I guess what it comes down to is that, while my teen years were often miserable, I had things that helped me through, and I want teenagers now to have those, too. I want to think that teens are still starting punk and indie bands, and setting up makeshift skateboard ramps in parking lots, and writing their name + the name of their crush in Sharpie on park benches and brick walls. I want the kids to have fun, and be alright.
A month or so after I took the photos, I was driving on the lakeshore road that curves around behind the Y. I glanced up at it, and saw two young people, in torn jeans and black hoodies, walking towards it, with their arms around each other. I looked away for a split second, and when I looked back—they were gone. Maybe they’d disappeared into the building, or the bushes, or underneath the bleachers, to make out, or smoke a joint, or scrawl their names.

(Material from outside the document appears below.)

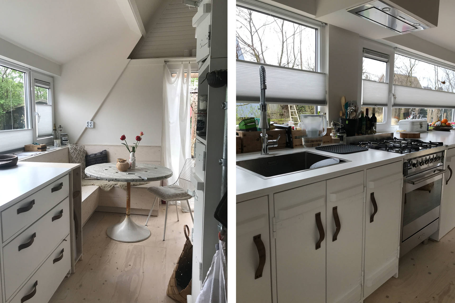 Die offene Küche ist komplett ausgestattet mit 4-Platten-Gasherd, elektrischem Backofen, Geschirrspüler, Kühlschrank mit Gefrierfach, Nespresso-Maschine und Filterkaffeemaschine. An der gemütlichen Essecke mit Eckbank ist Platz für 5 Personen.
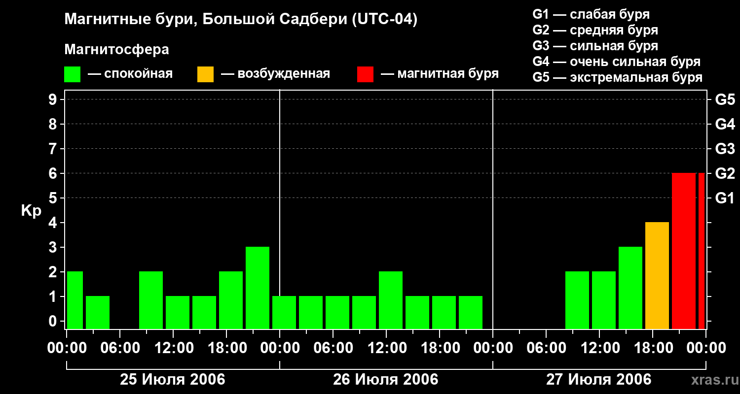 Магнитные бури Большом Садбери 27 июля 2006 года

Or maybe, just maybe, I briefly glimpsed the ghosts of myself and my old friends.
Addendum (June 2025):
Walkin’ downtown one last time just before I moved away from Racine (again, for good), I saw that they were finally razing the building. So I took some more photos.
As sad as it still makes me, it seems kinda poetic that this place that meant so much to me in my teen years is getting torn down just as I’m leaving town, too.
It is fascinating how we can all be at the same places yet in such completely different worlds. Great essay.
I have a friend who says ghosts are energy stains. Like a piece of somebody left behind doing something repetitively because of its emotional or spiritual significance. I like this essay. I went to a few punk shows growing up. Not as much as I wanted to.